Было над чем поразмыслить Романовым, паря над бывшей своей империей…
И «Реквием», и «Траурный марш» были сочинены по преданным и обманутым надеждам. Отпевали же не главного вождя, а самих себя. Пророческие были похороны…
Россия в крови принимала ленинизм. Сначала — Гражданская война, после — нескончаемое насилие в стране. Жгли иконы, заколачивали храмы, изгалялись над верой, которой обязан русский народ своим единством и своей государственностью[138]; всякую независимую мысль ставили к стенке, грабили крестьянство, эксплуатировали рабочих, как это им и не снилось при царях…
Говорить мог только один человек. И его слова святы!
Христа изгоняли из памяти людей. Сын симбирского статского генерала (действительного статского советника) иконился вместо него…
После, восстанавливая события, Федорович убедился окончательно: стреляли в него, и стреляли из прогимназии Гайдука, со второго этажа. Он даже нашел то окно, на гильзу даже наступил.
Размышляя хладнокровно, понимал, что достать убийцу не смог бы. В любом случае остался бы с Таней. Как только рухнула захрипев, оказался связанным ею…
Шли они тогда к церкви святой Троицы — нравился Тане храм, с чем-то смыкался в памяти вид, окрестные улицы. Она говорила, что это из девичьих образов: Москва, зима, музыка… У них в доме всегда звучала музыка. Славные, добрые воспоминания. Чистый осколочек юности. Она лишь повела рассказ, увлеклась — и тут выстрел. Бичом простегнул тишину.
И Флор Федорович уже в который раз — миллионный, поди, никак не меньше, поскольку память воспроизводила тот миг непрерывно дни и ночи, — ощутил мгновенную и столь ужасно-ошеломительную безвольность ее тела (повисает, обмякает, рвет руками ворот) и тут же оседание, провал его, вдруг такого тяжелого, неукладистого!..
Мерещится Флору Федоровичу, вот-вот она войдет и станет возбужденно рассказывать о том, что на улице (все каждый раз такое разное), а он обнимет, примется ласкать и нашептывать самые проникновенные слова…
Именно тогда Три Фэ научился плакать беззвучно: окаменеет, зубы сведет и омочит бороду слезой.

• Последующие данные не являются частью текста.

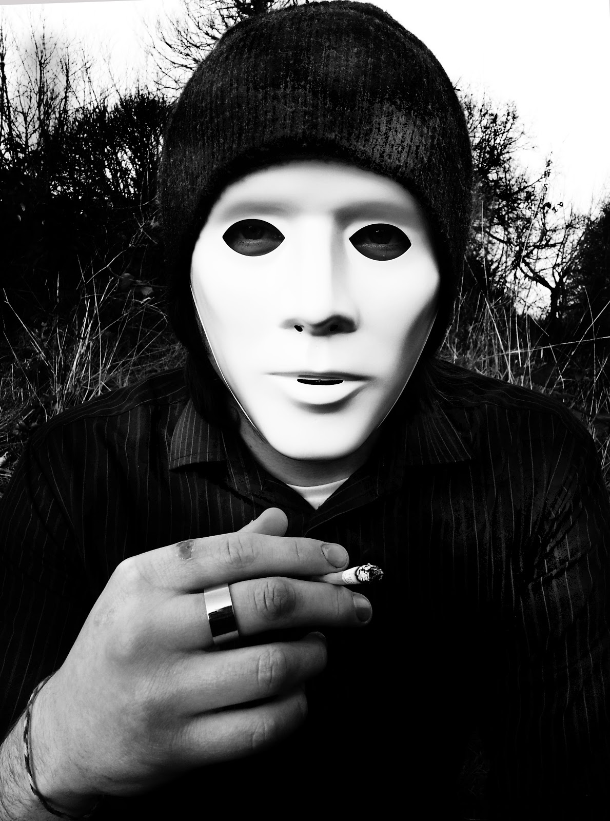 This photograph gives a slightly look to his appearance but still keeps it hidden, his thoughtful expression links with the starting point and shows his inner emotions. The shadow and detail on the hand was created on photoshop by burning the skin lines to darken them, so was the depth of the shadowing on the mask and hat, I like the tones of grey and black in this because of how dark and light they go, it almost looks slightly solarised.

В памяти образ Татьяны почему-то сместился в храм с высоченными колоннами и строгой органной музыкой, а он один там и святит ее имя и их короткое счастье… Банальная картинка, но именно так отныне воспринимает он свою Таню.
Сначала (в том храме) Флор Федорович видит ее лицо — очень близко, и такое родное, милое. Затем остаются глаза, в них любовь к нему, вера в жизнь и в то, что они все преодолеют и будут счастливы. Беззаботные глаза, с верой, что уже ничего скверного быть не может и не случится: ведь она с ним…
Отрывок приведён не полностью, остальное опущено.